Parker Hannifin said shareholders will receive 800 pence per share in cash, valuing Meggitt's existing issued and to be issued ordinary share capital at approximately £6.3bn ($8.8bn).
The price represents a premium of approximately 70.5% to the closing price of 469.1 pence per Meggitt Share on 30 July 2021, the last business day before this announcement.
Parker Hannifin said it believes the acquisition is "strategically and culturally compelling" for both companies.
The acquisition of Meggitt nearly doubles the size of Parker's aerospace systems segment.
Under the terms of the deal, Meggitt will still be headquartered in the UK, with majority UK national board members.
It will also hold to Meggitt's commitment to commit to reduce net carbon emissions by 50% by 2025 and achieving net zero greenhouse gas emissions by 2050 across the existing Meggitt business.

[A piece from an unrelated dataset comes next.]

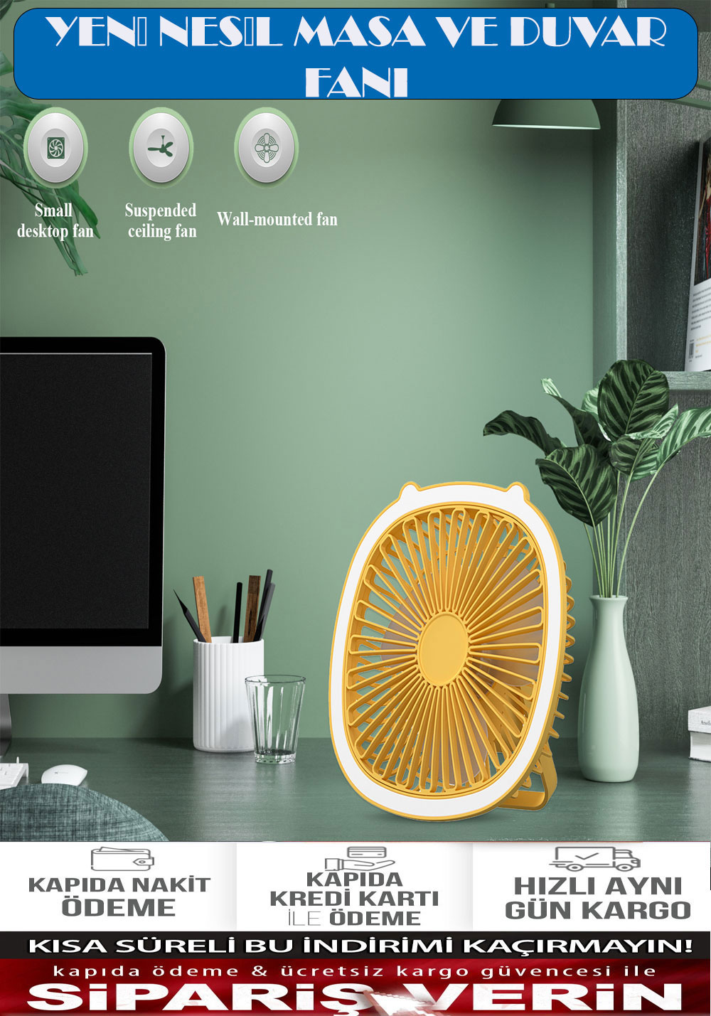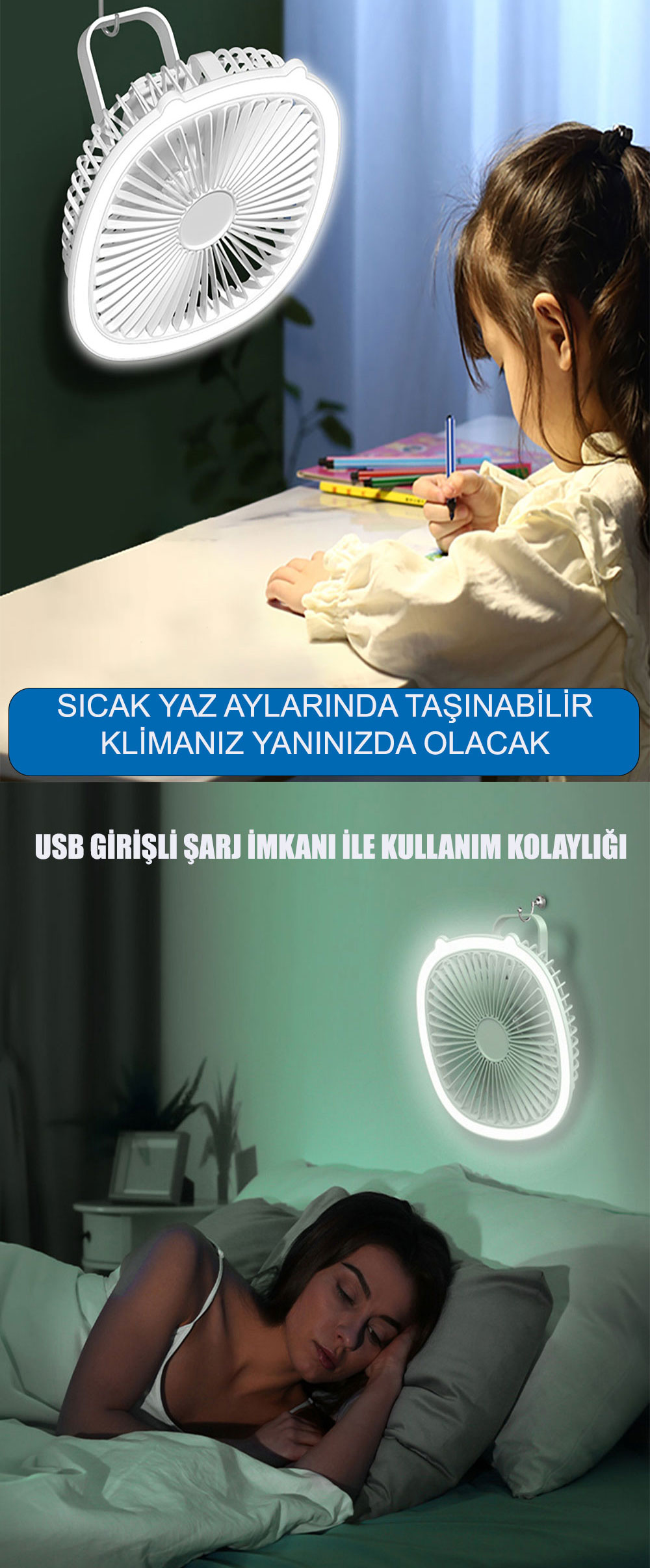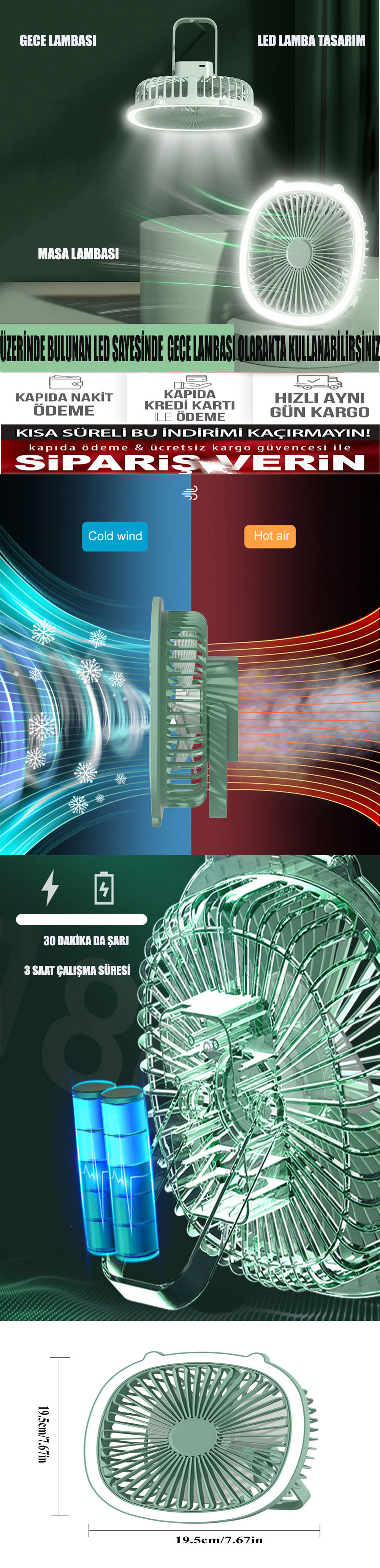 ŞARJLI LEDLİ MASAÜSTÜ FAN

"During our longstanding presence in the UK we have built great respect for Meggitt, its heritage, and its place in British industry. Our own journey over more than 100 years has taught us the importance of a strong culture and reputation," said Tom Williams, chairman and CEO of Parker.
In Meggitt's interim results it said that it would not be paying an interim dividend due to "ongoing market conditions".
It expects underlying operating profit ahead of 2020 and positive free cash flow.
The company said that defence spending in the UK remained robust and is forecast to be up 6% in 2021, with the outlook for defence spending in the EU also solid. In the US, defence spending is expected to exceed the $2tn mark.